Если б это чадо действительно было таковым, то отчего же народ не почтил его ничем, кроме пословицы: доносчику первый кнут? Как объяснить такое суровое отношение к благонадежному ремеслу со стороны того народа, который снисходительно смотрел на самые беззаконные отклонения от порядка, например, на разбой, считая его простым пошаливанием и воспевая в своих песнях удалых разбойничков? Где же песни наши о доносах и доносчиках? До сих пор мы их нс слыхали.

Давно уже замечено, что русские, по своей широкой натуре, способны более болтать и доносить на самих себя, чем шпионить и доносить на других. Из этого вытекает прямое решение, что к доносу привыкнуть нельзя, что донос не может быть привычкой. Стало быть, это страсть? Нет, не стало быть.

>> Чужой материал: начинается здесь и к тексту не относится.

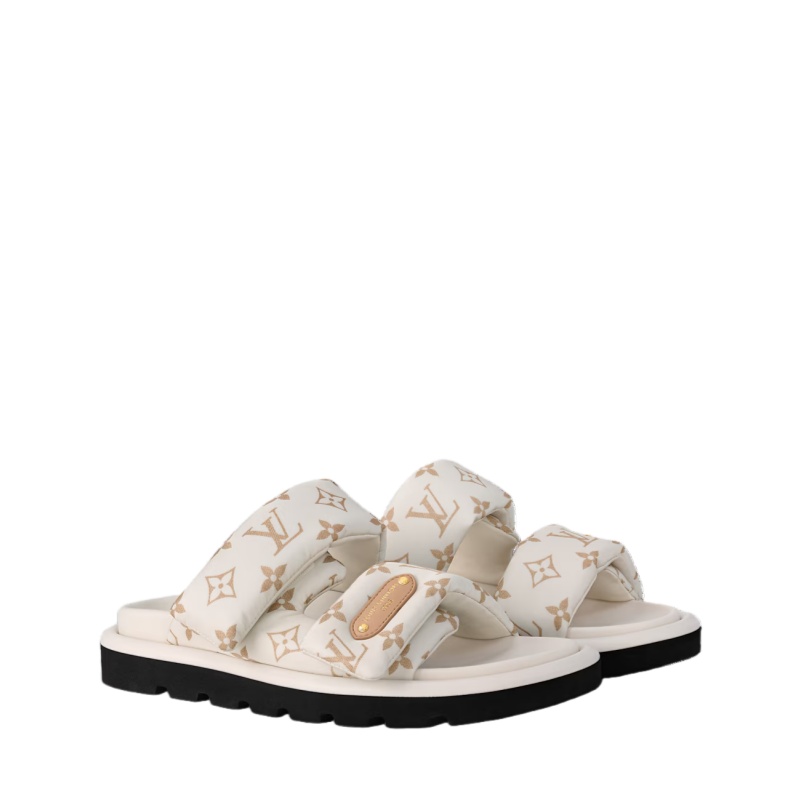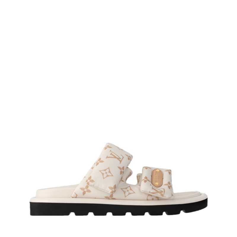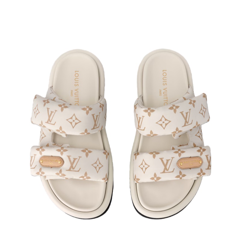 The Pool Pillow comfort mule is revisited with two padded, adjustable straps in Monogram nylon, which are lined with leather for comfort and durability. The front strap is embellished with a leather label embossed with the Louis Vuitton signature. This easy-to-wear style is finished with a comfortable anatomic footbed and a lightweight micro outsole.

Еще давние философы заметили, что нет такой страсти, которая бы не могла обратиться в привычку, и нет такой привычки, которая бы не обращалась в страсть. Между тем к доносу никто от сотворения мира привыкнуть не может: значит это не страсть. Если б донос был страстью, ему бы прощали люди, как прощают всем человеческим страстям. Мы видели, что даже разбойники прощаются; одни только Иуды предаются вечному проклятию. Это потому, что разбойник раб страсти или привычки, что в нем видят зверя, способного нанести только личную обиду; в лобзаниях же предателя оскорбляется все человечество, все, что в нем есть наиболее святого.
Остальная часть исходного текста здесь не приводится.